Member of the National Assembly for Chipangali West
- Incumbent
- Assumed office August 2026

Member of the National Assembly for Chipangali
- In office September 2006 – August 2021
- Preceded by: Lucas Phiri
- Succeeded by: Andrew Lubusha

Minister of Housing and Infrastructure Development
- In office 20 July 2019 – May 2021
- President: Edgar Lungu
- Preceded by: Ronald Chitotela
- Succeeded by: Charles Milupi

Minister of Local Government
- In office 27 September 2016 – 19 July 2019
- President: Edgar Lungu
- Preceded by: John Phiri
- Succeeded by: Charles Banda

Personal details
- Born: 5 December 1978 (age 47) Zambia
- Party: Movement for Multi-Party Democracy (2006 - 2016) Patriotic Front (2016 - 2021)
- Education: Bachelor of arts in Development Studies
- Profession: Entrepreneur · Politician

= Vincent Mwale =

Zambian politician and former minister of infrastructure and local government

Vincent Mwale (born 5 December 1978) is a Zambian politician who currently serves as the member of parliament for Chipangali West.

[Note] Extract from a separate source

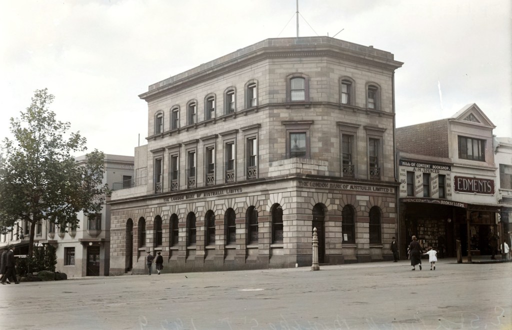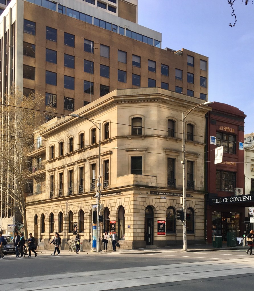 The London Chartered Bank, architect Leonard Terry, 1871, a nice stone-built survivor on this prominent #BourkeStreet corner, probably because it stayed a bank until 1990. (Later #ESandAbank then ANZ). Plus it’s very nice. Pics 2 is 1929, @library_vic, and then a pic from the 1870s from @statelibrarynsw, showing that the ground floor corner was also chamfered originally, which was better actually.

He previously represented Chipangali Constituency in the National Assembly of Zambia from 2006 to 2021. He served as the Minister of Youth and Sports from February 2015 to May 2016, as the Minister of Local Government and Rural Development from September 2016 to July 2019 and as the Minister of Housing and Infrastructure Development from July 2019 to May 2021 in the cabinet of President Edgar Lungu.

== Career ==
Mwale was elected MP for Chipangali constituency in two consecutive elections (2006 and 2011) as the Movement for Multi-Party Democracy (MMD) candidate. After Edgar Lungu of the Patriotic Front (PF) won the 2015 presidential by-election, he appointed Mwale as the Minister of Youth and Sports in February 2015. Mwale then officially left the MMD to join the PF.

He stood as the PF candidate in Chipangali constituency at the 2016 general election and was re-elected. President Lungu then appointed Mwale as the Minister of Local Government on 27 September 2016. As Local Government Minister, Mwale promoted revenue generation from waste recycling and completed police housing projects across southern districts.

On 19 July 2019, Mwale was transferred to being the Minister of Housing and Infrastructure Development. Ahead of the 2021 general election, the Patriotic Front party decided to choose Andrew Lubusha to contest in Chipangali constituency, therefore denying Mwale the chance to retain his position.

In May 2026, Mwale applied to be an independent candidate for MP in Chipangali West (a section of where he was previously the MP) at the 2026 general election and he was elected in August 2026.

== Notable initiatives ==
Mwale's constituency development included donation of roofing sheets to schools in Eastern Province and freeing up public-owned sports facilities for redevelopment through his foundation.